• **What the task asks**
Reproduce the entries shown below only from the line with "SNV可能发生在进化过程的后期,导致肿瘤镜发现的不同克隆的形成。" down to the line with "to soften it.", keeping both end lines and copying each one exactly.

• **Information supplied**
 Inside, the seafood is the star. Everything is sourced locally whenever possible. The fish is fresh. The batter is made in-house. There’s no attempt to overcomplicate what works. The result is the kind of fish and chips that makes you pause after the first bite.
---
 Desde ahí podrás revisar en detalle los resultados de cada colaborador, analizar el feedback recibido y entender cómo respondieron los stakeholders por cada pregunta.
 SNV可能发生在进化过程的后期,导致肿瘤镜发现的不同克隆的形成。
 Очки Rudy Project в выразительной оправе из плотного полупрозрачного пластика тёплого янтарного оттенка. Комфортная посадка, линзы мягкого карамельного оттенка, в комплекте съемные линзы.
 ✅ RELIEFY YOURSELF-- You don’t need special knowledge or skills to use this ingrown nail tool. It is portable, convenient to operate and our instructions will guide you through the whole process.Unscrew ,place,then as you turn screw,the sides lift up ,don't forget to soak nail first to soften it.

• **Task response**
 SNV可能发生在进化过程的后期,导致肿瘤镜发现的不同克隆的形成。
 Очки Rudy Project в выразительной оправе из плотного полупрозрачного пластика тёплого янтарного оттенка. Комфортная посадка, линзы мягкого карамельного оттенка, в комплекте съемные линзы.
 ✅ RELIEFY YOURSELF-- You don’t need special knowledge or skills to use this ingrown nail tool. It is portable, convenient to operate and our instructions will guide you through the whole process.Unscrew ,place,then as you turn screw,the sides lift up ,don't forget to soak nail first to soften it.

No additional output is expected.